Clearly, people learn to cope with this complexity, otherwise nobody would ever get anything done. Coping strategies abound, such as learning the hardware (keyboard and mouse) and software (menus and toolbars) so well that they become subconscious parts of how we work, and no longer need to be numbered among the seven items we can juggle simultaneously. Again, the important point is not the number seven, nor is it the things we can't control (such as distractions): it's the fact that even seemingly simple situations are far more complex than they appear at first glance.

Understanding that this complexity exists gives us tools to solve it, starting with creating lists such as the two I've presented in this article. By understanding the size of the list that must be held in working memory, we can seek ways to minimize the burden. For example:

Use the same mental model: To facilitate locating part of an interface, provide a screenshot with that part highlighted. This lets readers move a visual image of what they're seeking into working memory; when they turn to the software, they don't have to translate a verbal description into a visual target, thereby freeing up the memory space that would hold that translation. The more visual the thing they're seeking, the more important it is to provide a visual image. For example, icons should always be presented as graphics, not described.

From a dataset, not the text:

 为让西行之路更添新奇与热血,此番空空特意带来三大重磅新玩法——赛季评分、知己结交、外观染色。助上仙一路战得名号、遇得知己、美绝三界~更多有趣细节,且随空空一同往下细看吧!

Juxtapose related things: When readers must look back and forth between software and documentation, working memory is consumed by the positions of the current step in the documentation and the location of the interface parts used to accomplish that step. (This is why you'll often see people hold a finger on the page while trying to operate the software with their free hand.) Making it easier to glance back and forth would free up some working memory. For example, adding affordances in the interface, such as clear button names or tooltips, reduces the number of times readers must return to the documentation for basic information on how to use the interface. Providing documentation as context-sensitive online help eliminates the need to navigate through the help just to find the correct topic; moving the help window beside the software makes it even easier to consult the documentation without becoming disoriented. If we use embedded help, for example by organizing the interface from left to right and top to bottom in the same order as the procedure's steps, we further reduce the need to consult the documentation (here, to learn the sequence).

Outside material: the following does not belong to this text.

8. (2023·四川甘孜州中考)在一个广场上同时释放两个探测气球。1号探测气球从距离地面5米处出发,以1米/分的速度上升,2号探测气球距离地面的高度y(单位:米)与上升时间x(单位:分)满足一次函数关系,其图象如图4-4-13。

Reorganize the interface: Understanding how people progress through the steps in a procedure gives us knowledge a product's designers often lack. Programmers and engineers most often focus on details of implementing features, not on integrating them within a workflow. Moreover, most either never use the products they produce or never ask anyone outside the design team to use the products, so they don't understand why an interface is unusable. By providing them with that knowledge, we help them stitch the feature list together into something that supports the product's users. This may involve simple things, such as eliminating irrelevant or rarely used options from a dialog box (place them behind an Options button instead) or grouping related tasks into a single tab of a dialog box. It can also involve more complex things, such as reconsidering the overall workflow.

Simplify!

This article can be boiled down into a single rule: Before you begin writing or designing, think about how your audience will use what you create. In the context of working memory, this means we should count the number of things users must keep in their head while they work, then look for ways to minimize that number. We won't always have the luxury of redesigning a product to reduce the burden on its users, but we can at least lighten that burden. For example, instead of using a single step to tell readers to find a menu, open it, select an option, select a tab in a dialog box, navigate to a heading in that tab, then select three options, we can break this into at least two separate steps: first, opening the dialog box and selecting the correct tab; second, finding the relevant options and setting them. For any option that requires elaboration (when there are multiple alternatives that must be explained), treat that as an additional step.